In this exercise we examine the Weekly stock market data from the ISLR package.
set.seed(1)
library(ISLR)
summary(Weekly)
## Year Lag1 Lag2 Lag3
## Min. :1990 Min. :-18.1950 Min. :-18.1950 Min. :-18.1950
## 1st Qu.:1995 1st Qu.: -1.1540 1st Qu.: -1.1540 1st Qu.: -1.1580
## Median :2000 Median : 0.2410 Median : 0.2410 Median : 0.2410
## Mean :2000 Mean : 0.1506 Mean : 0.1511 Mean : 0.1472
## 3rd Qu.:2005 3rd Qu.: 1.4050 3rd Qu.: 1.4090 3rd Qu.: 1.4090
## Max. :2010 Max. : 12.0260 Max. : 12.0260 Max. : 12.0260
## Lag4 Lag5 Volume
## Min. :-18.1950 Min. :-18.1950 Min. :0.08747
## 1st Qu.: -1.1580 1st Qu.: -1.1660 1st Qu.:0.33202
## Median : 0.2380 Median : 0.2340 Median :1.00268
## Mean : 0.1458 Mean : 0.1399 Mean :1.57462
## 3rd Qu.: 1.4090 3rd Qu.: 1.4050 3rd Qu.:2.05373
## Max. : 12.0260 Max. : 12.0260 Max. :9.32821
## Today Direction
## Min. :-18.1950 Down:484
## 1st Qu.: -1.1540 Up :605
## Median : 0.2410
## Mean : 0.1499
## 3rd Qu.: 1.4050
## Max. : 12.0260
train <- sample(nrow(Weekly), 2/3 * nrow(Weekly))
test <- -train
Logistic regression
glm.fit <- glm(Direction ~ . -Year-Today,
data=Weekly[train,],
family="binomial")
glm.probs <- predict(glm.fit, newdata=Weekly[test, ],
type = "response")
glm.pred <- rep("Down", length(glm.probs))
glm.pred[glm.probs > 0.5] <- "Up"
table(glm.pred, Weekly$Direction[test])
##
## glm.pred Down Up
## Down 3 2
## Up 176 182
mean(glm.pred != Weekly$Direction[test])
## [1] 0.4903581
Boosting
library(gbm)
Weekly$BinomialDirection <- ifelse(Weekly$Direction == "Up", 1, 0)

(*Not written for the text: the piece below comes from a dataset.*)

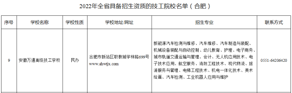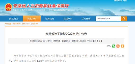 近日,安徽省人力资源和社会保障厅发布了安徽省技工院校2022年招生公告。对招生计划及对象、报名及入学、办学层次及培养目标、培养方式、助学及就业促进政策、毕业待遇等方面做了解释说明,并公布了安徽省具备招生资质的技工院校名单,安徽万通高级技工学校位列其中。

boost.weekly <- gbm(BinomialDirection~.-Year-Today-Direction,
data=Weekly[train,],
distribution="bernoulli",
n.trees=5000)
yhat.boost <- predict(boost.weekly,
newdata=Weekly[test,],
n.trees=5000)
yhat.pred <- rep(0, length(yhat.boost))
yhat.pred[yhat.boost > 0.5] <- 1
table(yhat.pred, Weekly$BinomialDirection[test])
##
## yhat.pred 0 1
## 0 144 134
## 1 35 50
mean(yhat.pred != Weekly$BinomialDirection[test])
## [1] 0.4655647
Bagging
Weekly <- Weekly[,!(names(Weekly) %in% c("BinomialDirection"))]
library(randomForest)
bag.weekly <- randomForest(Direction~.-Year-Today,
data=Weekly,
subset=train,
mtry=6)
yhat.bag <- predict(bag.weekly, newdata=Weekly[test,])

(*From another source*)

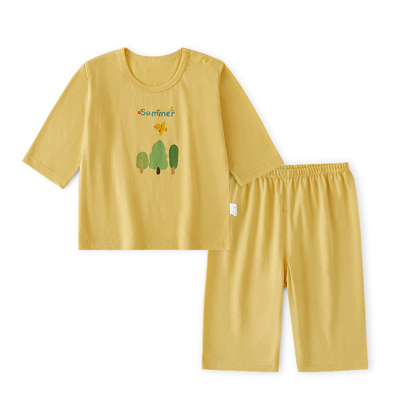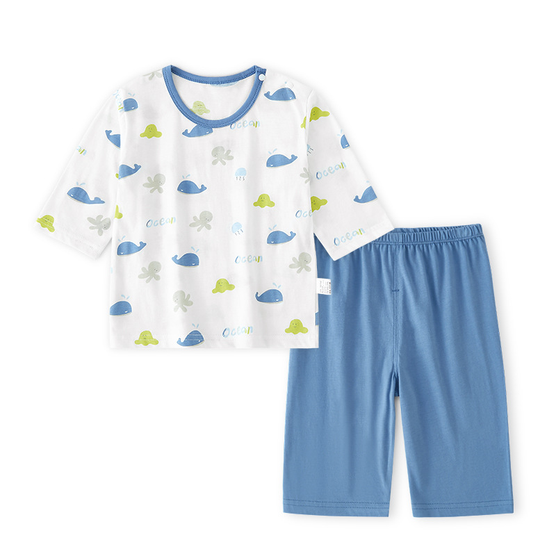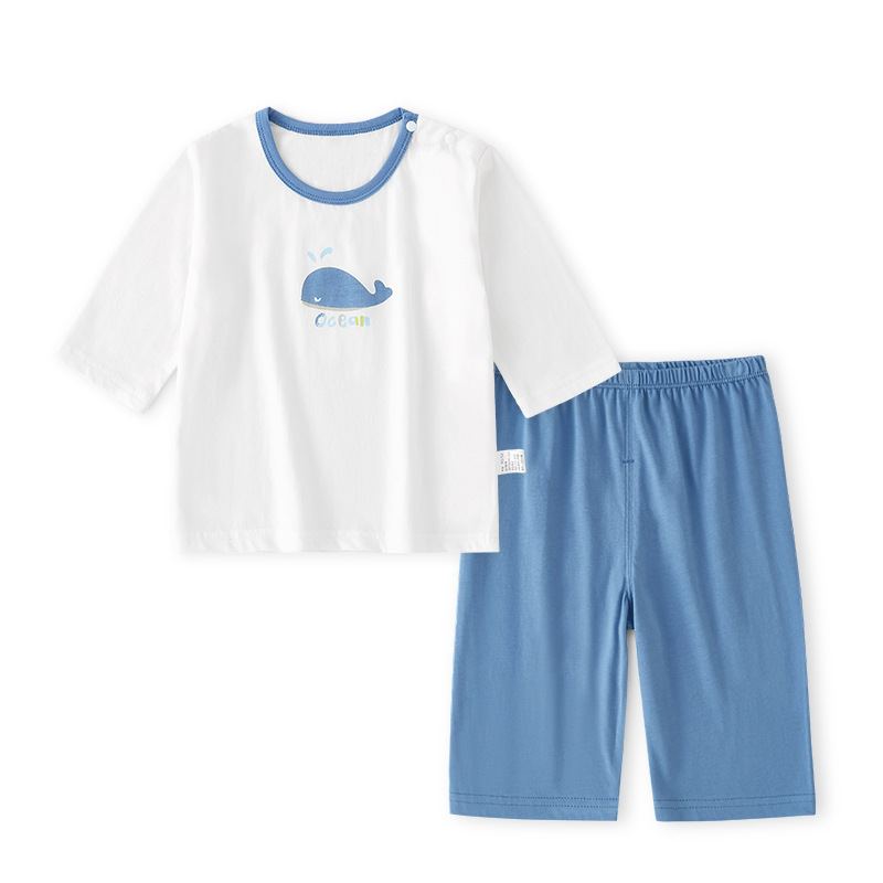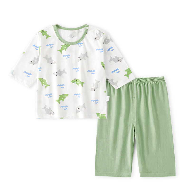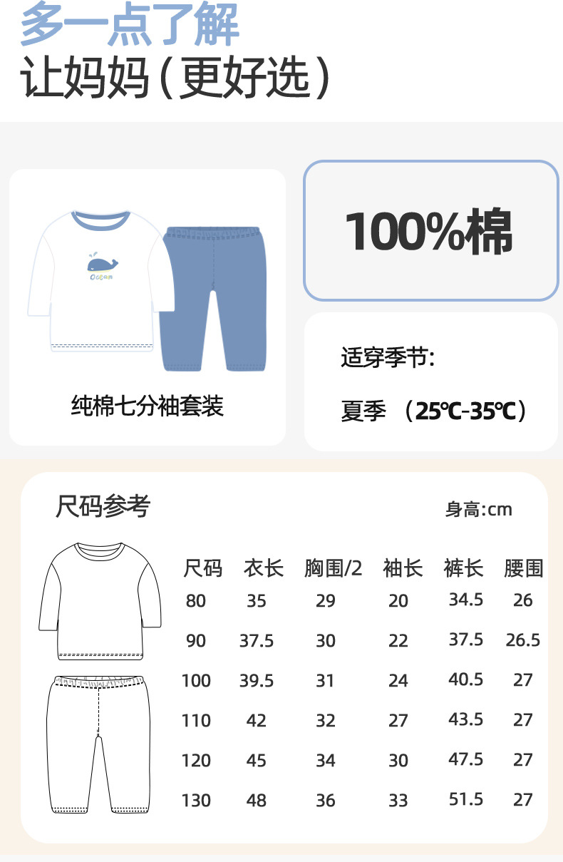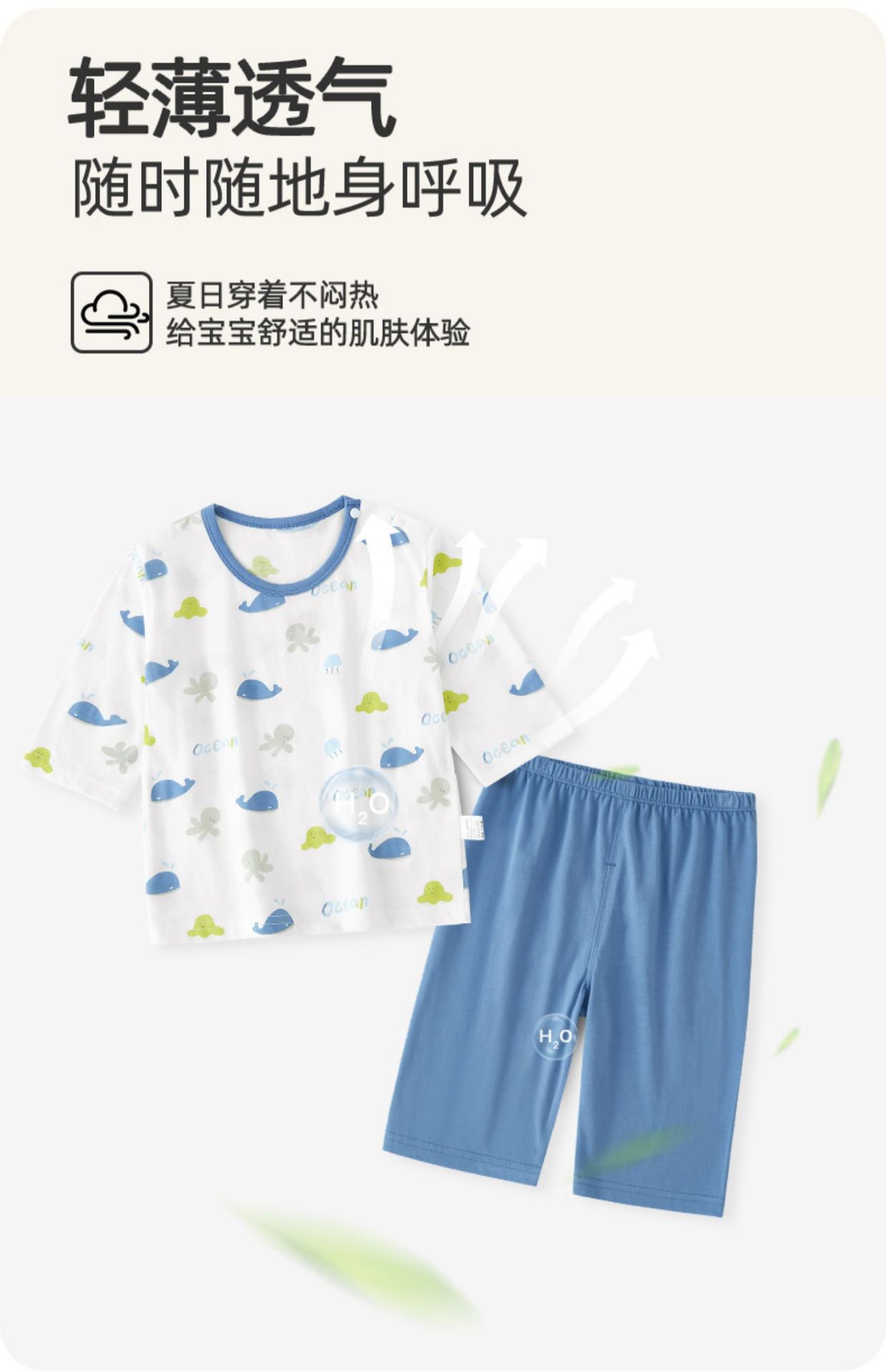 남학생 면 잠옷 여름 2025 새로운 어린이 가정 옷 7 점 소매 얇은 아기 에어컨 의류 세트스토어 가기

table(yhat.bag, Weekly$Direction[test])
##
## yhat.bag Down Up
## Down 52 53
## Up 127 131
mean(yhat.bag != Weekly$Direction[test])
## [1] 0.4958678
Random forests
rf.weekly <- randomForest(Direction ~ . -Year-Today,
data=Weekly,
subset=train,
mtry=2)
yhat.bag <- predict(rf.weekly, newdata=Weekly[test,])
table(yhat.bag, Weekly$Direction[test])
##
## yhat.bag Down Up
## Down 49 45
## Up 130 139
mean(yhat.bag != Weekly$Direction[test])
## [1] 0.4820937
Best performance summary: Boosting resulted in the lowest validation set test error rate.